I have a rule, a writing rule, that the killing of dogs in narrative is cheap and lazy, and also I can't really handle, emotionally speaking, the death of fictional dogs, so there's the double-edgedness of the rule: the emotional whallop to the solar plexus and the (perhaps reactionary) idea that "so you couldn't get away with killing a human, so you thought you'd invent a dog to slaughter" ("you no-good sleazeball of a hack writer") (I feel very strongly about this). But today I picked up The Twenty-Seventh City by my writer (if I had idols, he would be my idol) Jonathan Franzen and lo! Dead dog, page 33!

And, to explain how this was: imagine that a wife has just started cooking breakfast and her husband walks in and declares that he's been having an affair (with his secretary, of all fucking people) and she cooks breakfast and puts on the uniform for her part time job and is in the car driving down the highway before she realizes that - shit - her husband is having an affair with his fucking secretary.

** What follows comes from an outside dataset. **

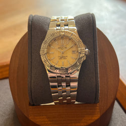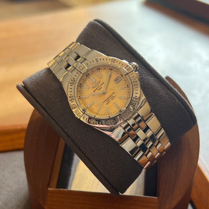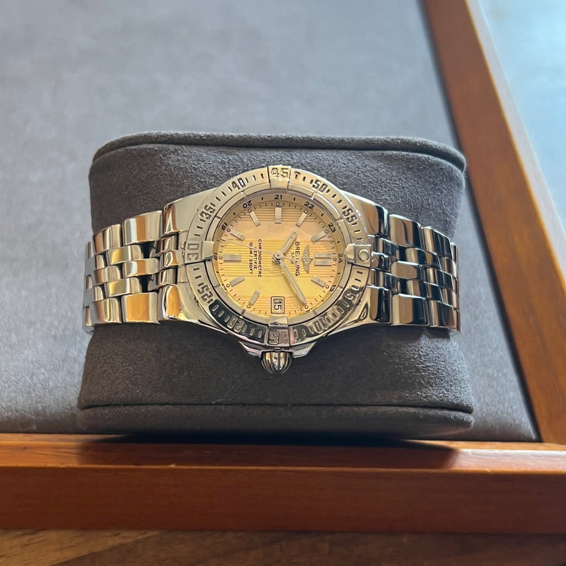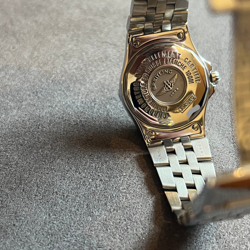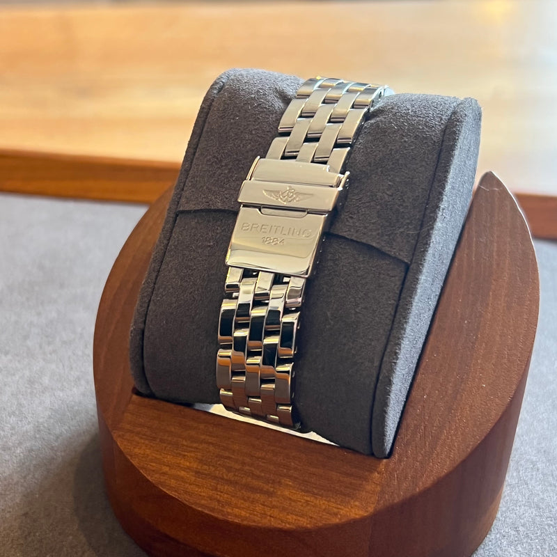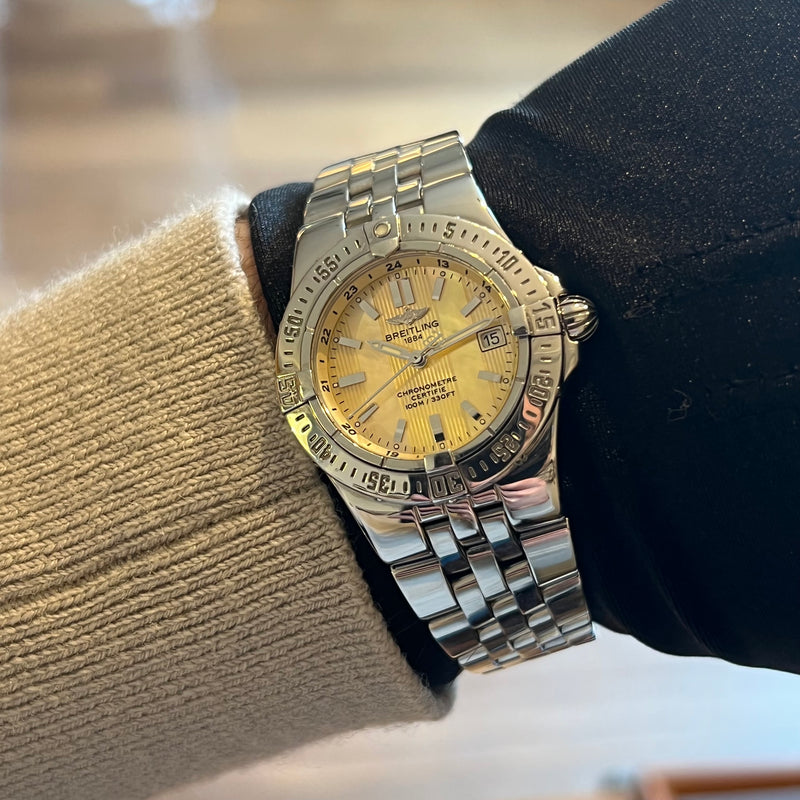 Diameter 30 mm. Wrist circumference of 16.5 cm. Case and bracelet in stainless steel. Graduated steel bezel. Breitling crown. Mother-of-pearl dial without numerals. Luminous hands and markers. Sapphire crystal. Quartz movement. Solid steel case back with Breitling emblem. Steel deployment clasp with Breitling emblem.

I am on page 135, and don't know whether to continue. I put Vurt, or Vert, or whatever that book was down immediately, but this I do not know.

Saturday, August 06, 2005

Hand me the Paxil.

Mine is not a hairstyle that says, "I want to work in an office. Seriously." Mine is a hairstyle that says, "If I were a dude, I'd totally have shaved my head by now."

Because, you see, when I was a young woman, in high school, when other young women were spending their spare time (study hall, math class, after school) learning how to apply makeup and do hair and match clothes, I was finding the perfect form of torture to compare math class to, and learning words like "heinous" and "grievous" and "atrocity."

One time, when my friend Kristin put makeup on me, I realized that I liked the look it could create. "I'll make you look like you've been dead for a week," she said, and she did. So I wanted to try this myself, and so in the bathroom between classes I got out this little eyeshadow kit and aimed for "dead for a week" and away from "raccoon" and ended up looking like a racoon that'd been dead for a week. And so I washed it off and practiced more in the safety of my own home, and finally figured out how to achieve "dead for a week."

But I never use it.

I got married au naturale.

So I am sallow and have a grievous non-hairstyle. This cannot be helping me in interviews. So, what? Move the part to one side, slap on some plum lipstick, do "dead for about 10 minutes," and call me when you get hired.

But oh, my hair. People, my hair. It is heinous. If I were a kooky painter in too-big overalls who was comfortable with her breasts, my hair would suit me perfectly and I could let it be in its natural state.* It would be kooky hair on a kooky girl tra-la-la. But it is actually kooky hair on a quiet, repressed female who normally would like nothing better than to vanish in a hail of smoke when looked at.

Should I become kooky?** Should I go to one stylist after another in search of s/he who can a) avoid poofiness, b) avoid suggesting highlights,^* and c) leave it long enough to tie back because God knows resistance to the ponytail holder is futile anyway? Should I slap on a side-part and the plum lipstick for the interview and reverto to mousy for the actual showing up to work? How does one apply lipstick? Do I seriously need to put vaseline on my teeth? What does vaseline taste like?

*Think Shirley Temple, age 25, on 3 hours of sleep and speedballs; or, if I brushed it out, Rosanne Roseannadanna.
** I have tried!
^*Highlights, oh my god. I mean, I do kind of like how they look, I guess; they can liven up a head of hair, certainly. But out of all the fashions that have come and gone in the time that I have been aware of fashions, this is the only one I can point to and confidently say, "Someday the people will look back on this..." et cetera.